12/6/16

MS/MS notes

1) Got help from Brook, Emma, and Prisca to use the lumos MS machine at the South Lake Union facility. We are using an ion trap method because it is faster and will allow us to detect more peptides in our alloted timeframe. The orbitrap is high resolution.

2) Pipetted 15ul of each sample into glass labeled autosampler vials. Made sure there were no bubbles.

3) Connected the annodes. Packed a column (75um for the samples and 150um for the trap)

4) Used a random number generator to assign a random order to the samples I will run thereby helping to eliminate any batch effects. We will run 5-6 randomly assorted samples, then a QC, then a blank, then 5-6 more samples, then QC, then a blank, and so on. For the second duplicate round I again randomized the order so every block has a different array of samples.

5) The blank was made by adding 60ul of the solvent used to reconstitute the final peptides. In my case it was 3% acetonitrile and 0.1% formic acid.

6) The QC was made by adding 10ul of QC (from Emma) and 30ul 3% acetonitrile and 0.1% formic acid.

7) Load all samples, blank, and QC into machine into the order that you have assigned.

8) We start with 4-QC runs and make sure these give similar results before moving forward. Then we run a blank and start the blocks of samples.

9) For QC runs we will use 3ul, for blanks we use 3ul, and for our samples we will use 1ul.

Method names:

• Samples: 5_30%B_110min_ITMS2_AGC_2e3

• Blank: 40min_Blank

• QC: PRTC_UWPRLumos_30min_DIA_fullms

Programs I am using to check everything is going smoothly:

-TeamViewer: Used to work remotely on the MS lumos machine.

-RawMeat: Drag raw files into this program to check and make sure the Chromatogram, Charges, Top N Spacing, Precurser graphs look similar among samples. Load one block (5-6 samples) at a time. Check and make sure the MS1 (FullScans) are similar among samples and the MS2Scans are also similar among samples. For this experiment the FullScans are about 17K and the MS2Scans are about 98K.

-Thermo Xcalibur Sequence Setup: This is where you input all of your file names, comments, paths, instrument methods, position, and injection volume. You can que up the samples to run in this program.

-nanoACQUITY UPLC Console (Local): This is where you can monitor your system pressure (ideal is around 3000-4000 PSI). Check that the delta is low and stable during your runs which tells you your samples are being injected at a constant rate. You can see where the sample is injected, then goes through the trap, and then stabalizes as it runs.

-Skyline: You can look at all your QC runs and make sure that the peptides we have selected to analyze are similar across runs based on the retention time and peak area graphs.

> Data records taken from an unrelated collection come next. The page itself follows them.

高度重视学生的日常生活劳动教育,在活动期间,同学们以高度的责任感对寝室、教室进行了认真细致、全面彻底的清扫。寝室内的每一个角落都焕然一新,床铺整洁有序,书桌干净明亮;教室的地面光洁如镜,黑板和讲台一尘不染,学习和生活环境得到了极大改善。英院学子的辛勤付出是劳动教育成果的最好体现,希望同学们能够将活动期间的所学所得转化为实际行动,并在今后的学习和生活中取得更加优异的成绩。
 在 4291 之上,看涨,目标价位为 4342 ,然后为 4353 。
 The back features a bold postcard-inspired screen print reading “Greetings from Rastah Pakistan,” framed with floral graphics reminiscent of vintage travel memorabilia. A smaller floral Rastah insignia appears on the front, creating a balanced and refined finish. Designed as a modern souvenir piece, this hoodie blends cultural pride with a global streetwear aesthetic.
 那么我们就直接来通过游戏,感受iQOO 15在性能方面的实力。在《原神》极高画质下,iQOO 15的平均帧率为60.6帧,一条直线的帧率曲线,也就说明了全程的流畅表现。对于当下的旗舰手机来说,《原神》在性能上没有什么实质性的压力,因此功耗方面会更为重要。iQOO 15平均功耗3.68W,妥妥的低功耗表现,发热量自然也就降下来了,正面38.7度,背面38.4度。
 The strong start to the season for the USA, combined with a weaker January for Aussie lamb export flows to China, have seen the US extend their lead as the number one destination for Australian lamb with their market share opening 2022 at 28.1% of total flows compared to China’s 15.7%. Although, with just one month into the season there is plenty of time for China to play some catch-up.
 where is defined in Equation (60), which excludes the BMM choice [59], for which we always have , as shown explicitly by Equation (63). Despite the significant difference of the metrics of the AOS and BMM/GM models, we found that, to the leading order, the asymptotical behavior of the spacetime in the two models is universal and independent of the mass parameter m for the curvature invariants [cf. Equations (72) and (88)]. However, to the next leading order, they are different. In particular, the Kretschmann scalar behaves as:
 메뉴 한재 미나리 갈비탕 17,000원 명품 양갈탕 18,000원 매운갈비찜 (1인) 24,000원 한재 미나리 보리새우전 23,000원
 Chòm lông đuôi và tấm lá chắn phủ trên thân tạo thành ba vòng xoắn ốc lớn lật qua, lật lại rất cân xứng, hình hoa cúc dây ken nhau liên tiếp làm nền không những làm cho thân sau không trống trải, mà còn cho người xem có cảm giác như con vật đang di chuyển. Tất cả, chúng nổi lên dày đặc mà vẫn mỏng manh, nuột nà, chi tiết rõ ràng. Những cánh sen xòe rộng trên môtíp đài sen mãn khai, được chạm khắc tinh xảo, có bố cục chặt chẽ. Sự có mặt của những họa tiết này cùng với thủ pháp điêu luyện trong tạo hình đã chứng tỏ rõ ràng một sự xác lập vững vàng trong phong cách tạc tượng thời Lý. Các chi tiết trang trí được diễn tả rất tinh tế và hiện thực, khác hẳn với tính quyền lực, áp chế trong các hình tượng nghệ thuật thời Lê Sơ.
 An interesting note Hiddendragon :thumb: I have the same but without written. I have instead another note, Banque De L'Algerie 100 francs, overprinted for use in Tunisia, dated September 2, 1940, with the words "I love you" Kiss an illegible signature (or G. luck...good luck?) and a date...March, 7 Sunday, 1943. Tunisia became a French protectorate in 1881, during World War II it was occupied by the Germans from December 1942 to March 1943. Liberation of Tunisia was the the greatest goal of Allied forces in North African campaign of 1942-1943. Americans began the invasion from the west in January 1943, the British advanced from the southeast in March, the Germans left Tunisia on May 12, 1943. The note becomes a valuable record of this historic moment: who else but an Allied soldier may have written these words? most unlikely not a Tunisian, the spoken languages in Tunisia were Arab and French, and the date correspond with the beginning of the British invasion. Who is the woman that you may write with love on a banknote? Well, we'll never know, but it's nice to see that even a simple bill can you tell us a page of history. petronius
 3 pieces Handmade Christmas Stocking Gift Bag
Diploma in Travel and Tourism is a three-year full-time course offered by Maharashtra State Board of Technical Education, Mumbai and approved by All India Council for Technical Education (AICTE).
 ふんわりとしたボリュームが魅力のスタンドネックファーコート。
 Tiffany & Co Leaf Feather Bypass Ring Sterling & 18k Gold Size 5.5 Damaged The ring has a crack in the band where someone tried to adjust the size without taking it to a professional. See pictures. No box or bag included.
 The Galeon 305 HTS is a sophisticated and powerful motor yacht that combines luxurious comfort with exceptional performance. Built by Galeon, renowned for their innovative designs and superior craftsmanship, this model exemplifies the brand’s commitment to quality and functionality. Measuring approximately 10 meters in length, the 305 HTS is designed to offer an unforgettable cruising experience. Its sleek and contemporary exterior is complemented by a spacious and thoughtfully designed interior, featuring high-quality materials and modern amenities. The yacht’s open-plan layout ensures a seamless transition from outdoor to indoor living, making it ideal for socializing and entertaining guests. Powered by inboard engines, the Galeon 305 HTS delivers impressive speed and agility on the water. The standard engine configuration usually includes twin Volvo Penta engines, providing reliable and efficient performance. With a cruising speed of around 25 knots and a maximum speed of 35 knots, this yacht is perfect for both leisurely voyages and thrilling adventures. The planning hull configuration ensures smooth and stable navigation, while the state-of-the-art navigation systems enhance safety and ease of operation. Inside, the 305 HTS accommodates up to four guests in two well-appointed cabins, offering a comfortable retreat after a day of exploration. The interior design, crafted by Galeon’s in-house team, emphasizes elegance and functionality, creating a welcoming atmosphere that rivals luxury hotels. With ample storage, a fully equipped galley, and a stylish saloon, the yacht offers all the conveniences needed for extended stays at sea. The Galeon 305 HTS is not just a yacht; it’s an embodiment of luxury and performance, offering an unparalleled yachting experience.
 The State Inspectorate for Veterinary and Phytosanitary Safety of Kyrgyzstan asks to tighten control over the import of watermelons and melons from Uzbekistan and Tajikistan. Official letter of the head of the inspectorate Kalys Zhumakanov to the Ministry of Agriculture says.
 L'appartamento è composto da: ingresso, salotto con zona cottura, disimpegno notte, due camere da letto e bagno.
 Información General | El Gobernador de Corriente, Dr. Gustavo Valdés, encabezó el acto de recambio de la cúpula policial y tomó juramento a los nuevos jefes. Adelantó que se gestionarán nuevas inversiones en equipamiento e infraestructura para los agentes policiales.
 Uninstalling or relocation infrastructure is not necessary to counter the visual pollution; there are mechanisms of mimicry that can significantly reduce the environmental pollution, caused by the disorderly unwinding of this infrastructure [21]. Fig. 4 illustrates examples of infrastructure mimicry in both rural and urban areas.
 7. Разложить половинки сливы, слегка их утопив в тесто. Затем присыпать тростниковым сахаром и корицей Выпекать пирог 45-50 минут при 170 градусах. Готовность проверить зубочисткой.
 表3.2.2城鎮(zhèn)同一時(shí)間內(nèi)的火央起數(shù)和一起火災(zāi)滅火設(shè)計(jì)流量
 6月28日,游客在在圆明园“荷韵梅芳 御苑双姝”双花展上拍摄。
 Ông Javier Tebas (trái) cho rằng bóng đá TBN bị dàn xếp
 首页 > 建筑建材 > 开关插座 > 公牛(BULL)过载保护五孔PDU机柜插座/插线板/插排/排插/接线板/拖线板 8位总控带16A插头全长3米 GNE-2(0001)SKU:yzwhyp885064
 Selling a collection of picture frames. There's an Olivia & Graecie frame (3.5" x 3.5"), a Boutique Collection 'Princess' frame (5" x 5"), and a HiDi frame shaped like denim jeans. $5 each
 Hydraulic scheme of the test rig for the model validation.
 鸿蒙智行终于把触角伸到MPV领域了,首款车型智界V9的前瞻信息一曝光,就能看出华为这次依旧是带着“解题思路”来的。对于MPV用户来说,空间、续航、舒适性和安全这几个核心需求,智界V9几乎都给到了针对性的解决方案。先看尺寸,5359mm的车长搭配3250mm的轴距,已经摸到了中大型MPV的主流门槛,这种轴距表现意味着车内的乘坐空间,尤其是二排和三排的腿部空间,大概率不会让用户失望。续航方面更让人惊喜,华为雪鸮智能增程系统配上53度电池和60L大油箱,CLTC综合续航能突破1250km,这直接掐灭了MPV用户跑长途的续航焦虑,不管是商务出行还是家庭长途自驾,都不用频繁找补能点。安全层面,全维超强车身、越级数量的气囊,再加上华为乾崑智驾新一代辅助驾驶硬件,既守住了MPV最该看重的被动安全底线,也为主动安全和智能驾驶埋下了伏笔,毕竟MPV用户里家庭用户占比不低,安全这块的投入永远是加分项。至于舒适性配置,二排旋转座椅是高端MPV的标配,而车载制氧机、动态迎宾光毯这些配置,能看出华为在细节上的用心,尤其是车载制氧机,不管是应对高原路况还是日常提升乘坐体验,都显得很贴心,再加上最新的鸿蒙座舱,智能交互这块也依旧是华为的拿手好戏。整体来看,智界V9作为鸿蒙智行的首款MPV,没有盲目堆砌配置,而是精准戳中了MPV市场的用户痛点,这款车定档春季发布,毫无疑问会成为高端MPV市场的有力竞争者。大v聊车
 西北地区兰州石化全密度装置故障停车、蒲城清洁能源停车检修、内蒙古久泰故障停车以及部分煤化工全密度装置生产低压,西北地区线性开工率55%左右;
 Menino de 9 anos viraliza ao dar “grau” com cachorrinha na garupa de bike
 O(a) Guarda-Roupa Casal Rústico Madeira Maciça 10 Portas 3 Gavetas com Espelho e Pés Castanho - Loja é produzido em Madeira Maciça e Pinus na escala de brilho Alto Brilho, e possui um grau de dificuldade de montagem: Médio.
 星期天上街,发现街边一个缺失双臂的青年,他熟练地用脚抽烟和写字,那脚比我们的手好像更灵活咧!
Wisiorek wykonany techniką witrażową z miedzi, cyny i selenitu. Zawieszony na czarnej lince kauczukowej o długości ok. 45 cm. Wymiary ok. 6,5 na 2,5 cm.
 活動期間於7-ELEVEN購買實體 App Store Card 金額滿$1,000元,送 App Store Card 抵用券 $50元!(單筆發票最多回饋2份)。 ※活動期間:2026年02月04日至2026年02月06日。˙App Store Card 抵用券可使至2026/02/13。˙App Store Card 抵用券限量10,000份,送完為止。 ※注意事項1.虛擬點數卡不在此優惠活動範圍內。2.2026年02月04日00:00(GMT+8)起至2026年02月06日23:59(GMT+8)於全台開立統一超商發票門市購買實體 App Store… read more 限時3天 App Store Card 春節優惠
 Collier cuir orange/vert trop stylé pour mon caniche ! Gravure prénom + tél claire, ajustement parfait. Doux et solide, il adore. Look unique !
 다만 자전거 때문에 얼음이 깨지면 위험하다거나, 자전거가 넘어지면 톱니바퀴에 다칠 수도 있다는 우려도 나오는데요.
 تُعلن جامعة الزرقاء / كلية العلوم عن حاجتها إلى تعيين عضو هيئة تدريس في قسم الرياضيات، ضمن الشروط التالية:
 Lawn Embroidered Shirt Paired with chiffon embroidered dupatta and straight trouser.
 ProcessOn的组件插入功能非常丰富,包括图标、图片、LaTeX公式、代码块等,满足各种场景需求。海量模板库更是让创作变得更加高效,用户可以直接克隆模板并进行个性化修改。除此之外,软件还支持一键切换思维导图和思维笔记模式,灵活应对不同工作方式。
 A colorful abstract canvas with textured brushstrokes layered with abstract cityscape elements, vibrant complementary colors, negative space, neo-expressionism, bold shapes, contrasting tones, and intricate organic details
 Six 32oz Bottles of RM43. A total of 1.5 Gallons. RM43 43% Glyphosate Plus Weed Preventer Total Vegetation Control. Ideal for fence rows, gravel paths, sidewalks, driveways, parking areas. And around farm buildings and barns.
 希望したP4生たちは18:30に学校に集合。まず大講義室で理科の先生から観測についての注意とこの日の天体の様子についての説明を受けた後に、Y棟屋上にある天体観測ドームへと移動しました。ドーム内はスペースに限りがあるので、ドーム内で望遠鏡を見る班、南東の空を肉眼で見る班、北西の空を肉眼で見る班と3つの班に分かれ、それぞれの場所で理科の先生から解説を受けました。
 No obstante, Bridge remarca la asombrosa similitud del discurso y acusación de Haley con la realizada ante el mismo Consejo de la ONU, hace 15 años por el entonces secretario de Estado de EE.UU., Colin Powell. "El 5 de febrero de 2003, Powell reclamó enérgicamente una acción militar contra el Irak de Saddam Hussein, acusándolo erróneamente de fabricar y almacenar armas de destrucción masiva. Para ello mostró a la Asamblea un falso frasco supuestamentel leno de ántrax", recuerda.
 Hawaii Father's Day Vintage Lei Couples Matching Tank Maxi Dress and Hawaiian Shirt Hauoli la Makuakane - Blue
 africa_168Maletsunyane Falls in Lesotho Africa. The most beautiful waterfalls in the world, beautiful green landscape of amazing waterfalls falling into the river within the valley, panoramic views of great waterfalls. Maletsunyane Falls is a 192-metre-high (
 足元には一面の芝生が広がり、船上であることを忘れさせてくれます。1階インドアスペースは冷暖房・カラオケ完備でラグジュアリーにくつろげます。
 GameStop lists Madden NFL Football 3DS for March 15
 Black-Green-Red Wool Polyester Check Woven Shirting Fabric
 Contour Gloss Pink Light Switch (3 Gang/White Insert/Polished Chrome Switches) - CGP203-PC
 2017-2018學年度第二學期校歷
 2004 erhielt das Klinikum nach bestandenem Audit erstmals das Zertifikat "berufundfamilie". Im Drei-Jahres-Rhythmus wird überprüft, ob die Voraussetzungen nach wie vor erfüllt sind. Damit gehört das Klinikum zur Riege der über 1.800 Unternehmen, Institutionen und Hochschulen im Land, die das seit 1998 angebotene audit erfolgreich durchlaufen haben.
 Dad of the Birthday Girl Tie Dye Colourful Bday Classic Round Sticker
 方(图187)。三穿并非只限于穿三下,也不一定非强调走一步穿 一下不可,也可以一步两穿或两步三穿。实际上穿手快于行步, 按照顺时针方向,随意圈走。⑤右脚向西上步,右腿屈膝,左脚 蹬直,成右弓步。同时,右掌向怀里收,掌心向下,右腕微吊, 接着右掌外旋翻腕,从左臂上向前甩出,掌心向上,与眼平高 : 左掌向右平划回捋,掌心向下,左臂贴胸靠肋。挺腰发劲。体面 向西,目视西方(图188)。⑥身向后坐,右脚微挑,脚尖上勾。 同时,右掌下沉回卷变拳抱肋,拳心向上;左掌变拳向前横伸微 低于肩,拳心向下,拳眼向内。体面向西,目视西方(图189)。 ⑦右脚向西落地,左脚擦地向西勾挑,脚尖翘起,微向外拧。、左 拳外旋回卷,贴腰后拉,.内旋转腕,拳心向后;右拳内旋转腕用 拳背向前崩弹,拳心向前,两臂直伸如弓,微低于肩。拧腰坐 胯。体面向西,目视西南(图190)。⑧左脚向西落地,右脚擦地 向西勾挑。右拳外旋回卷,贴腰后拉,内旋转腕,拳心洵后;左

-Thermo Xcalibur Qual Browser- when you double click on a raw file it will open this program. Here you can see the chromatograms and spectrums. We can see that the runs generally collect data from about 12 min to 98 min. Check and make sure the Evalue in the upper right hand corner is between 1E10 and 2E10. You can click the small grey box with a thumbtack in the right hand corner which will illuminate green. Then right click on the graph and then view>report>instrument method or sample information to gather important information about your runs. Save screenshots of these.

-Orbitrap Fusion Lumos Tune Application: this is where you can see your data actively being collected.